There are two communication protocols that we can use for socket programming: User Datagram Protocol (UDP) and Transfer Control Protocol (TCP).
The main difference between the two is that UDP is connection-less, meaning there’s no session between the client and the server, while TCP is connection-oriented, meaning an exclusive connection must first be established between the client and server for communication to take place.
This tutorial presents an introduction to sockets programming over TCP/IP networks, and demonstrates how to write client/server applications in Java.
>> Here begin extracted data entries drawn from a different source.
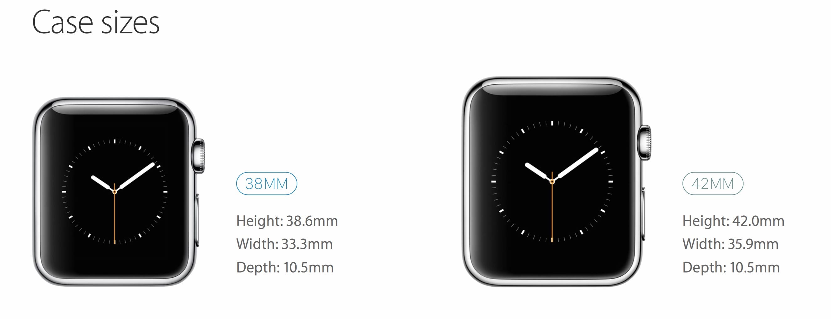 Partiamo innanzi tutto con le due casse. L’Apple Watch sarà disponibile in due diverse taglie, una da 38mm che generalmente è utilizzata dalle donne e le dimensioni per la precisione sono di 38.6mm in altezza, 33.3 in larghezza e 10,5mm di profondità. La cassa più grande è da 42mm ed in genere è quella utilizzata dagli uomini, anche in questo caso le misure esatte sono: 32mm in altezza, 45,9mm in larghezza e 10,5mm di profondità.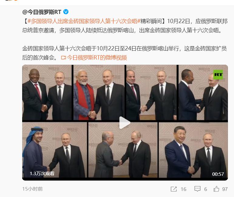 喀山金磚峯會目前正在火熱舉辦當中,第一天來的都是成員國,有中國,印度,南非,埃及,埃塞俄比亞等國。
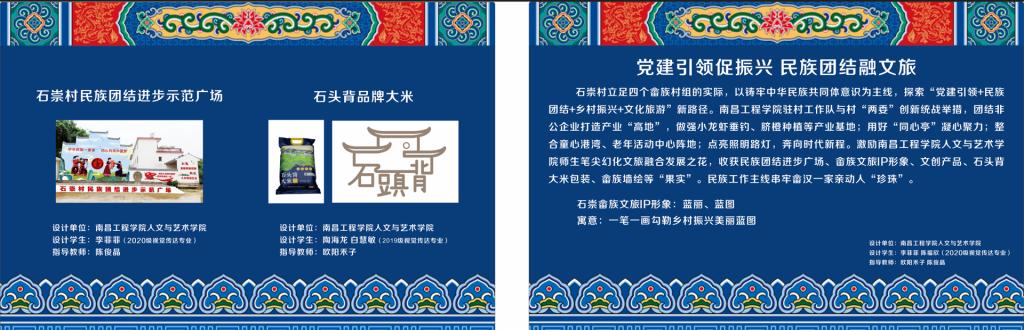 PA视讯官网视觉传达专业陶海龙、白慧敏、李菲菲、陈福欣等同学,在老师的指导下,深入挖掘石崇村的畲族文化,笔尖幻化文旅融合发展之花,完成了石崇村民族团结进步广场、畲族文旅IP形象、文创产品、石头背大米包装、畲族墙绘等项目。相关设计将于“五一”小长假期间全面推广,助力石崇村文旅融合推动乡村经济发展,促进民族团结进步。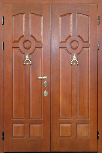 Двустворчатая металлическая дверь со стукалками-молотками — выбор тех, кто ищет надёжную и эстетичную входную дверь. МДФ-панели позволяют реализовать индивидуальные дизайнерские решения при сохранении технических характеристик двери. Подчёркивают архитектурный стиль здания. Дизайн подойдет для тех, кто ценит натуральные материалы.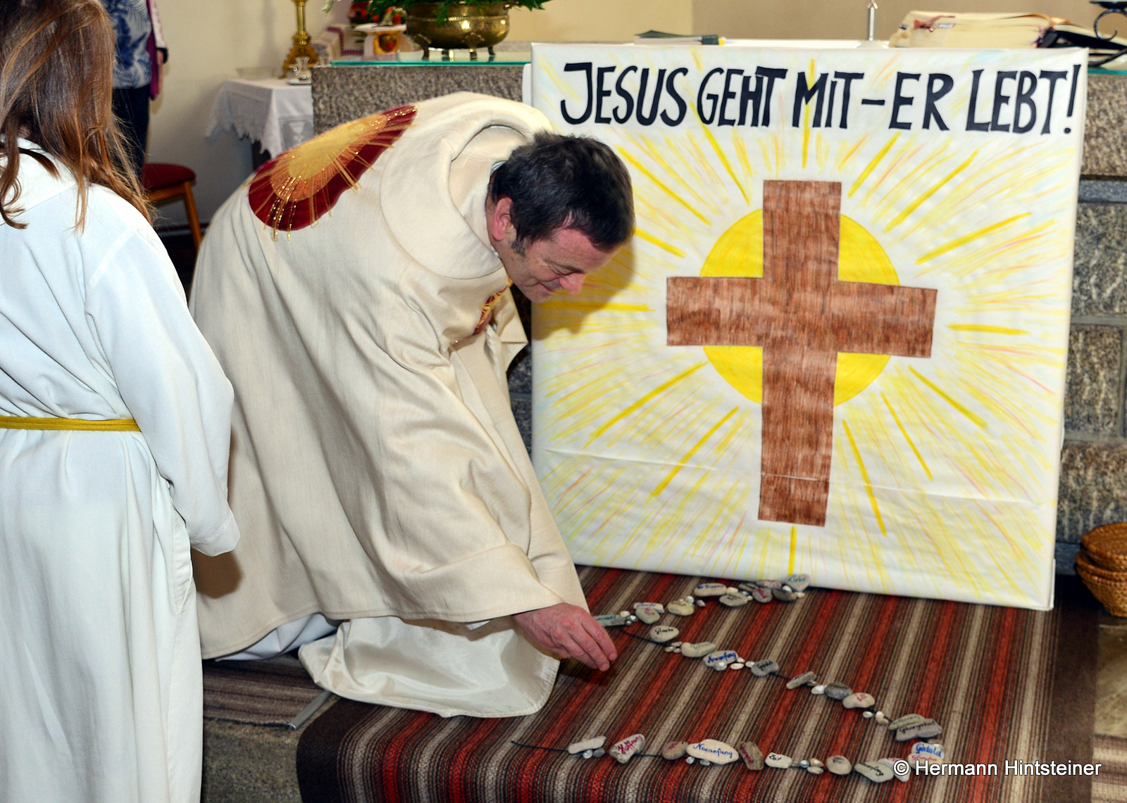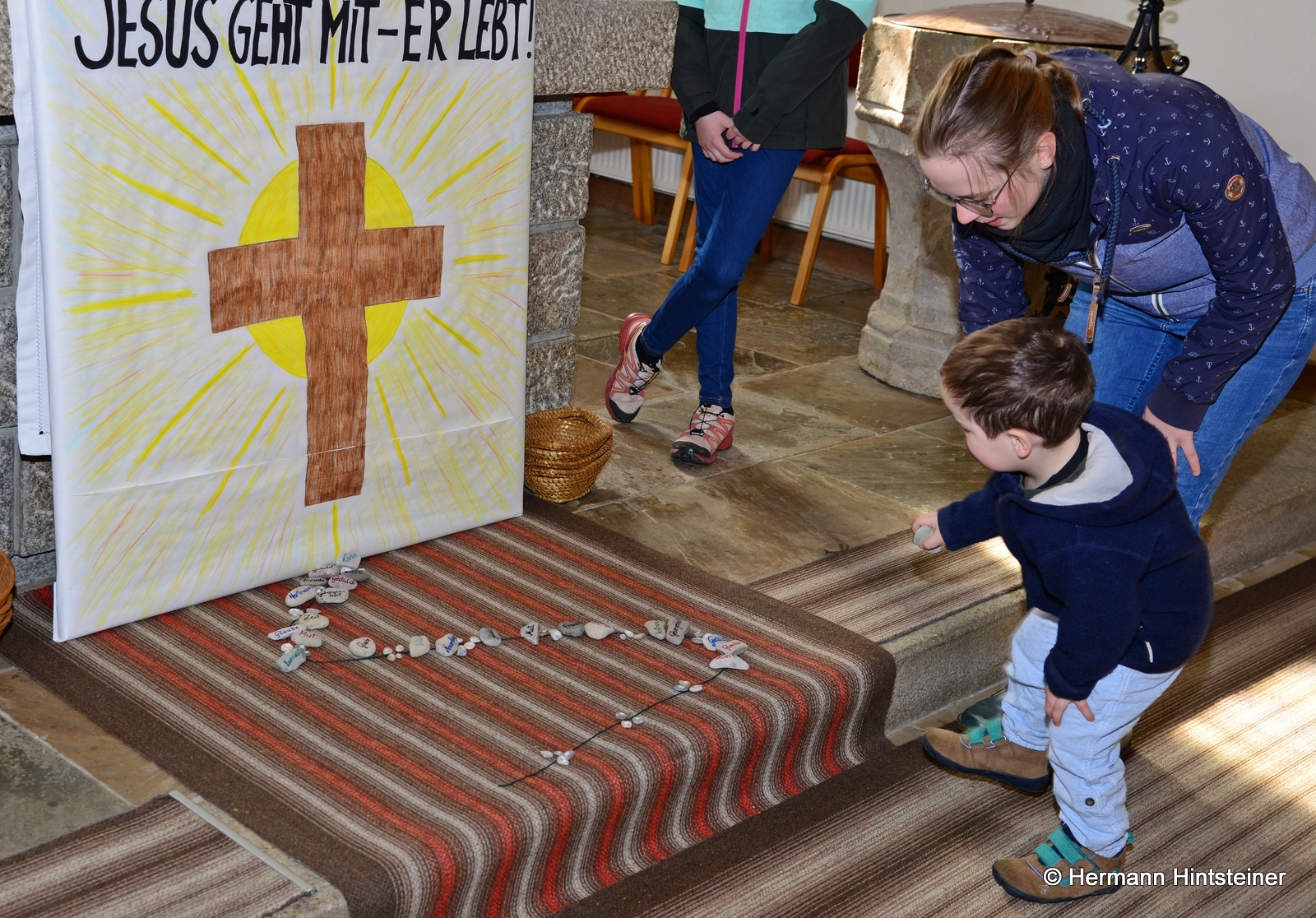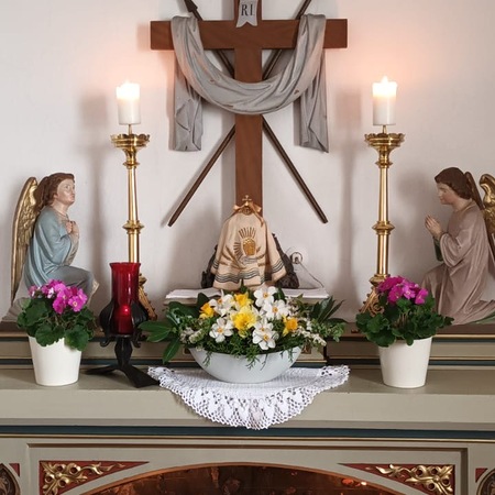 Die Osternacht wurde mit P. Laurentius und P. Ägid gefeiert. Viele Besonderheiten dieser Feier, wie der Einzug des Lichtes, das Entzünden der mitgebrachten Kerzen, das feierliche von P. Laurentius gesungene Exsultet, die Taufwasserweihe mit der Erneuerung des Taufversprechens und schließlich die Eucharistiefeier, berühren immer wieder. Das Hochamt am Ostersonntag wurde vom Kirchenchor unter der Leitung von Maria Sonnleitner jun. mit der "Missa brevis in C" von Charles Gounod besonders festlich gestaltet. Für den Ostermontag hat sich das Familienmessteam vorbereitet und zusammen mit den Jugendlichen, die zuvor schon den traditionellen Emmausgang gemacht hatten, einen lebendigen Gottesdienst gestaltet.

UDP isn’t a mainstream protocol, and as such, might not be encountered often.
2. Project Setup
Java provides a collection of classes and interfaces that take care of low-level communication details between the client and server.
These are mostly contained in the java.net package, so we need to make the following import:
import java.net.*;
We also need the java.io package, which gives us input and output streams to write to and read from while communicating:
import java.io.*;
For the sake of simplicity, we’ll run our client and server programs on the same computer. If we were to execute them on different networked computers, the only thing that would change is the IP address. In this case, we’ll use localhost on 127.0.0.1.
3. Simple Example
Let’s get our hands dirty with the most basic of examples involving a client and a server. It’s going to be a two-way communication application where the client greets the server and the server responds.
We’ll create the server application in a class called GreetServer.java with the following code.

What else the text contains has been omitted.